Driving toward Innovation in India’s Bus Systems

By Alisha Sud —

Traffic snarl in Delhi, India. Source: Carol Mitchell’s flickr photostream, used under a creative commons license.

Amid increasing domestic pressure to alleviate chronic traffic congestion on India’s heavily-traveled roadways, Prime Minister Narendra Modi’s government has sought to reprioritize public transportation and highway projects across the country. The 2016 Union Budget, released in February, includes roughly $8.5 billion for the state and central ministries of Road Transport and Highways to help advance Modi’s drive to increase connectivity and efficiency in the transportation sector. Importantly, India’s bus systems have received renewed attention from both public and private sector stakeholders looking to create energy efficient public vehicles as well as eliminate the overcrowding of public transportation resulting from rapid urbanization. Investing in public transit rather than individual car travel may also encourage high-density development, which research suggests is beneficial for economic growth. But to increase passenger confidence in India’s buses and encourage wealthy city-dwellers to abandon private autos in favor of public transit, the government needs to fund solutions that counteract widely-held negative perceptions of its public bus systems.
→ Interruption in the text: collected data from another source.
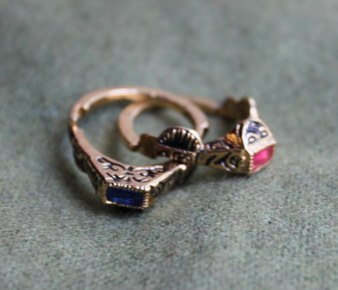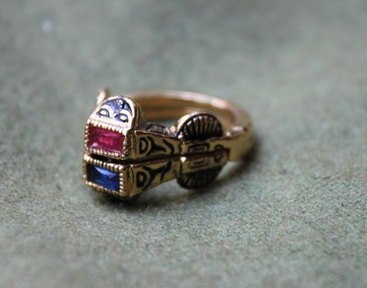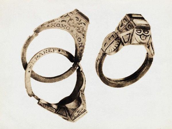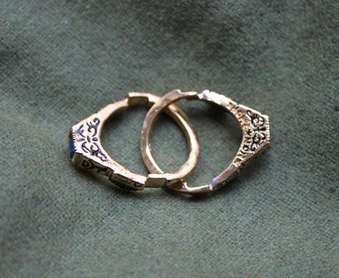Двойное составное кольцо, возможно, обручальное. Германия, 16 век. По ободку идёт надпись "HOMO NON SEPARET" ("Пусть человек не разъединяет"). Кольцо позолочено, выемки заполнены холодной эмалью. Размеры с 18 по 22.
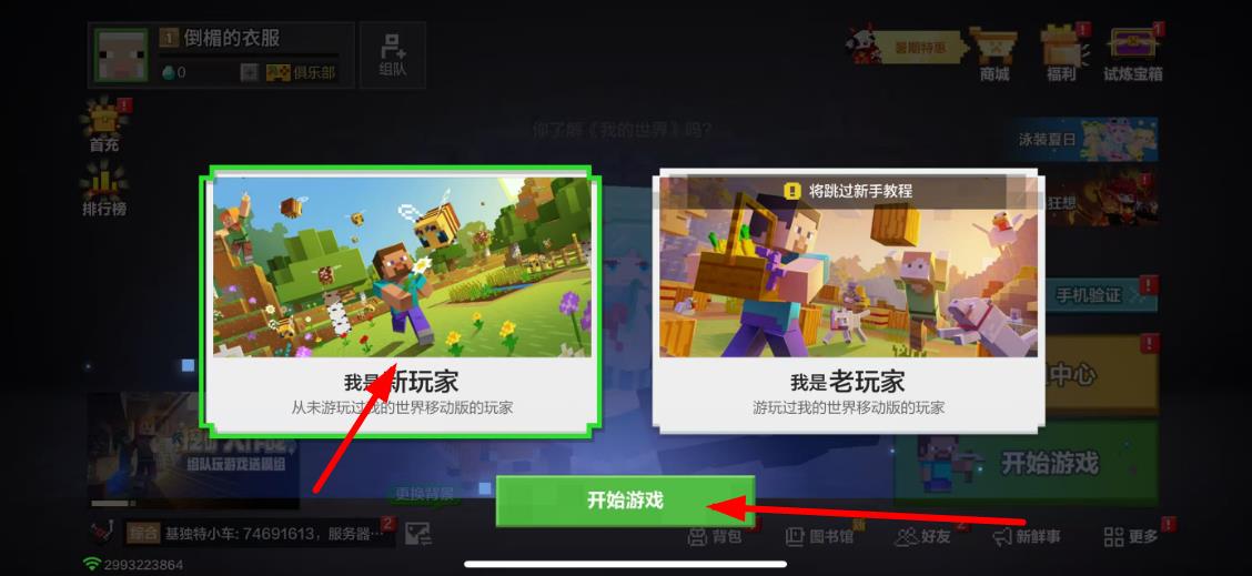 3、來到游戲初始界面,點擊左側(cè)我是新玩家選項框,再點擊下方開始游戲按鈕,跟隨新手教程熟悉游戲操作和玩法。
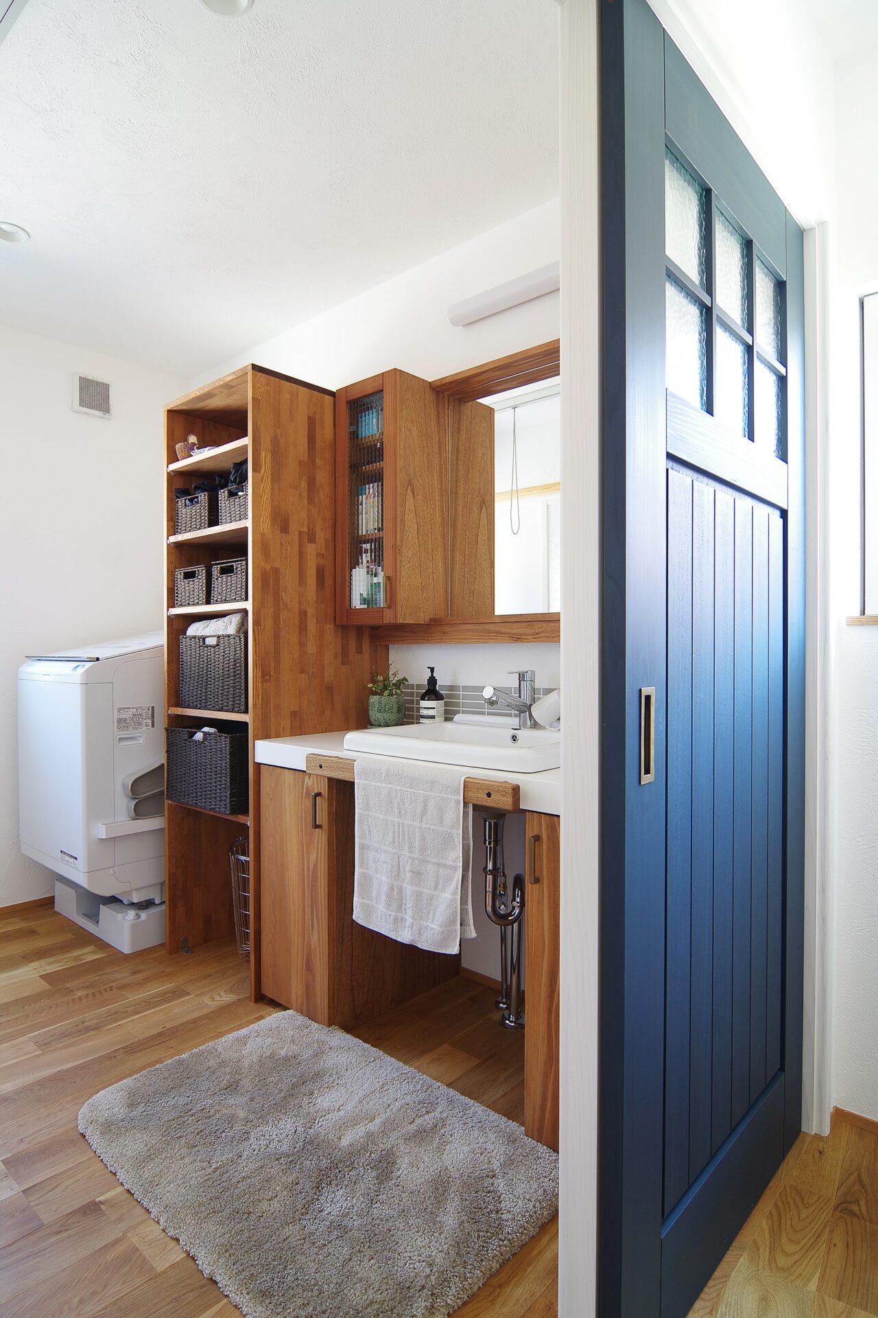 洗面台は自社家具工房の造作家具。自然素材のみで構成されたシンプルな北欧風の空間にピッタリ違和感なく馴染むことが出来る。
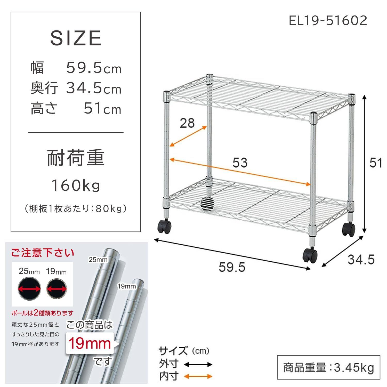 【数量限定】ドウシシャ メタルルミナスラック キャスター付き スチールラック幅60 2段 EL19-51602 軽量で組立簡単工具いらず 幅59.5×奥行き34.5×高さ51.0cm 棚板耐荷重80kg 全体耐荷重160kg 頑丈 防錆加工 ポール径19mmパーツ対応 キッチンラック 隙間収納 テレビ台
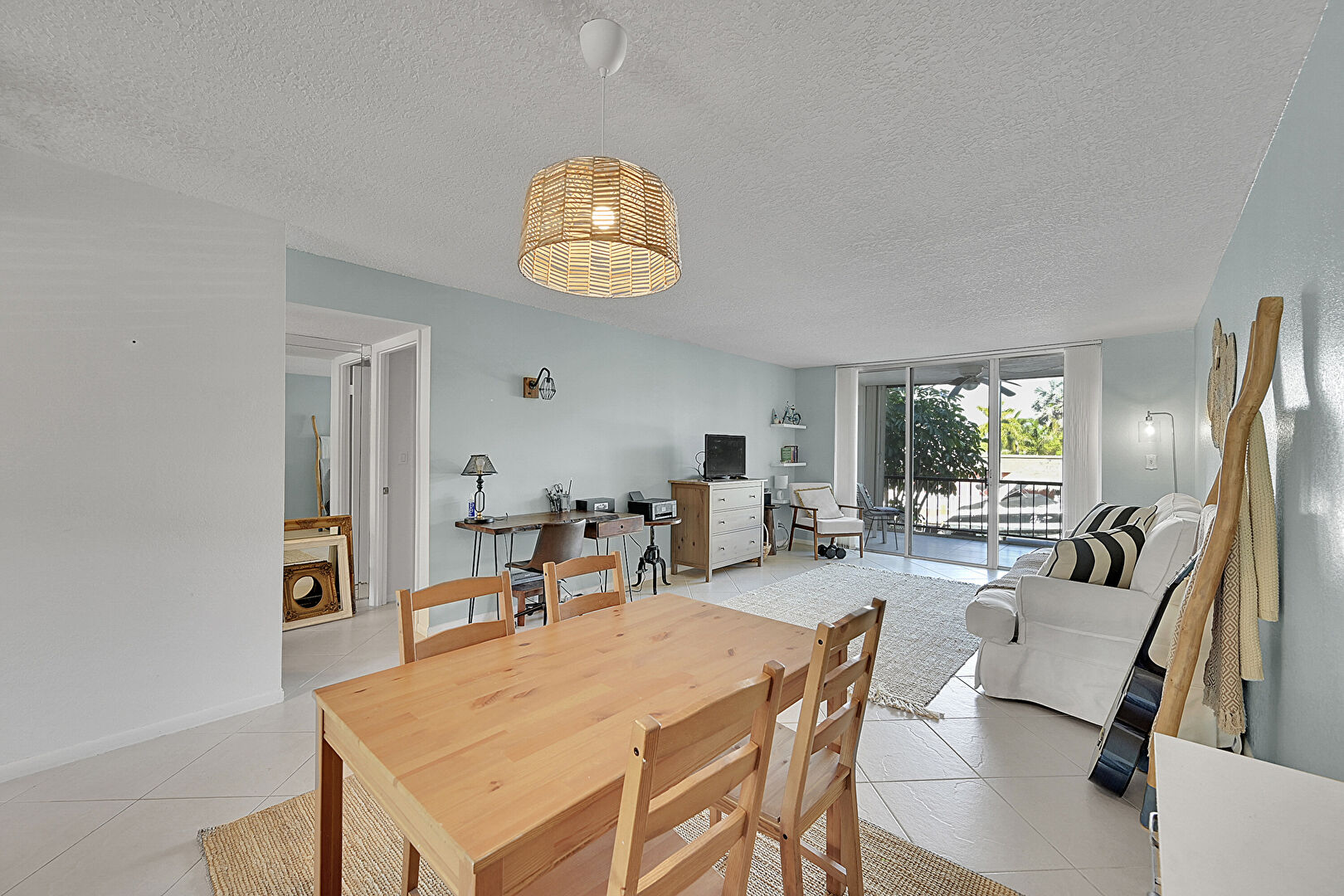 Baseboards Wall, Drywall, Floor Ceiling Windows, Natural Light, Office Area, Textured Ceiling, Tile Floor, Floor Ceiling Windows, Textured Ceiling

These negative perceptions stem from the failure of well-intentioned initiatives aimed at making bus travel more efficient. Notable among them is Delhi’s experiment with Bus Rapid Transport (BRT), which began construction in 2006. Intended to cut down on traffic congestion in a city that had 7.35 million cars in 2012, the initiative ultimately caused more traffic thanks to inadequate bus stations, badly planned routes, and poor quality vehicles and maintenance procedures. The project was scrapped and the city began dismantling it in January 2016, at a cost of around $1.6 million.

Delhi is not the only Indian city that presents commuting challenges. At present, a Mumbai bus line, BEST, averages an all-time low speed of 7.5mph during peak hour, while private cars travel a rate of 12.4mph or greater. Consequently, the bus line has witnessed a decline in commuter strength by one million passengers a day and forces those commuters who do opt to take the bus to endure extremely long wait times. Beyond leaving commuters aggravated, cities with older fleets of diesel-fueled buses are contributing to India’s intense struggle with air pollution. Even India’s newer buses, which run on compressed natural gas, produce alarming levels of nitric oxide pollution.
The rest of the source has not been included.